Так как во избежание взрывов и пожаров мы не скапливали запас снарядов у орудий, а экипаж был сокращен до минимума, то ушедших в кочегарки подносчиков заменить было некем, «Фусо» прекратил огонь. Но это было к лучшему. Отсутствие вспышек от выстрелов и черный дым, валящий из того места, где раньше была дымовая труба, сделали нас почти невидимыми! Из-за этой неразберихи строй нарушился, ход «Фусо» упал до четырех узлов. За нами продолжали идти в кильватер только корветы, но мы упорно двигались к цели, и русские упустили нас из виду!
Транспорт «Чийо-Мару» взял левее, видимо, рассчитывая выйти на фарватер вдоль Тигрового полуострова. К сожалению, он наткнулся на подводную скалу, получил пробоину (скалой был затопленый накануне по приказу адмирала Макарова для затруднения действий брандеров пароход «Харбин») и был вынужден включить прожектор, чтобы разобраться в обстановке. Этим привлек к себе внимание береговых батарей, после чего у тяжело груженного «Чийо-Мару» не было шансов (затонул рядом с «Харбином»).
Внезапно луч прожектора Электрического утеса осветил «Конго». Батарея открыла по нему огонь, сразу же добившись попаданий. Корвет потерял ход, а затем начал тонуть (после первого попадания в «Конго» у него самопроизвольно отдался якорь, корвет потерял ход – мощности не хватило волочить по дну якорь, поднять его не могли, а расклепать цепь не успели. При приближении русских истребителей во избежание захвата в плен он затопился).
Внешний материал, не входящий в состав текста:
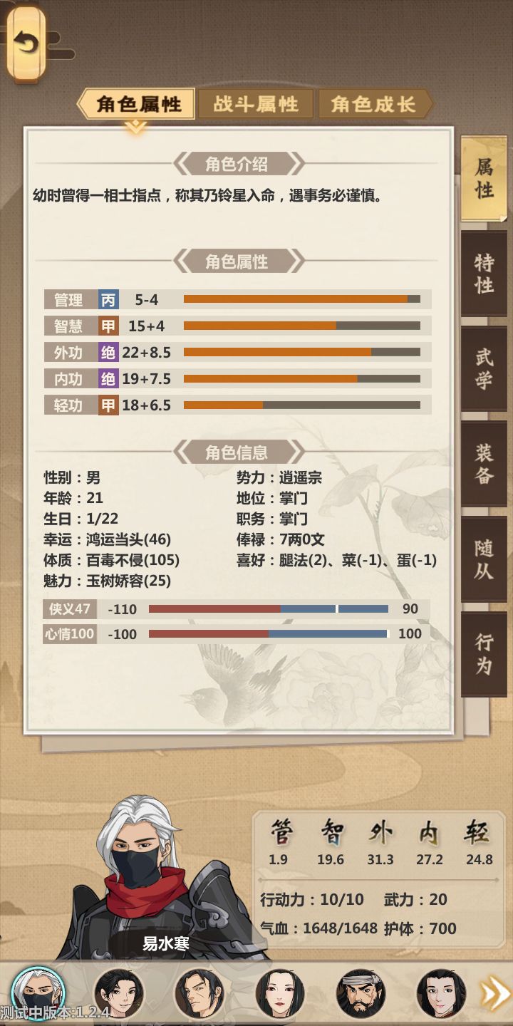 今天船新版本,听说商店bug再现,然后光顾着赚钱和刷武学没有探索新内容,后悔那几个新人物都没开出来商店刷了两千两以后索然无味,武学大概拿了四人份的就没弄了

Мы тем временем миновали Электрический утес, но по нам открыла огонь батарея Золотой горы (11-дюймовые мортиры, батарея № 13). Поднялся вой, подобный завыванию тысячи демонов. Этот звук мешал сосредоточиться и вызывал дрожь в коленях. Зрелище медленно летящей 11-дюймовой бомбы на фоне звездного неба столь величественно, что даже захотелось отстраниться от всего и написать хайку (сомнительно, что безлунной ночью можно визуально наблюдать полет мортирного снаряда, оставим последнее на совести автора). Однако я пересилил себя и продолжил вычисление нашего положения, чтобы вовремя дать команду к отдаче якоря и затоплению.
Русские в очередной раз подтвердили, что стреляют плохо, они не брали упреждение на наш ход, и бомбы падали в кильватер «Фусо». К сожалению, случайная бомба попала в палубу спардека шедшего прямо за нами «Хией». Все было кончено за несколько минут. Он окутался клубами дыма и пара, потерял управление, быстро кренясь, склонился влево и, подорвавшись на мине заграждения, стремительно затонул с дифферентом на корму.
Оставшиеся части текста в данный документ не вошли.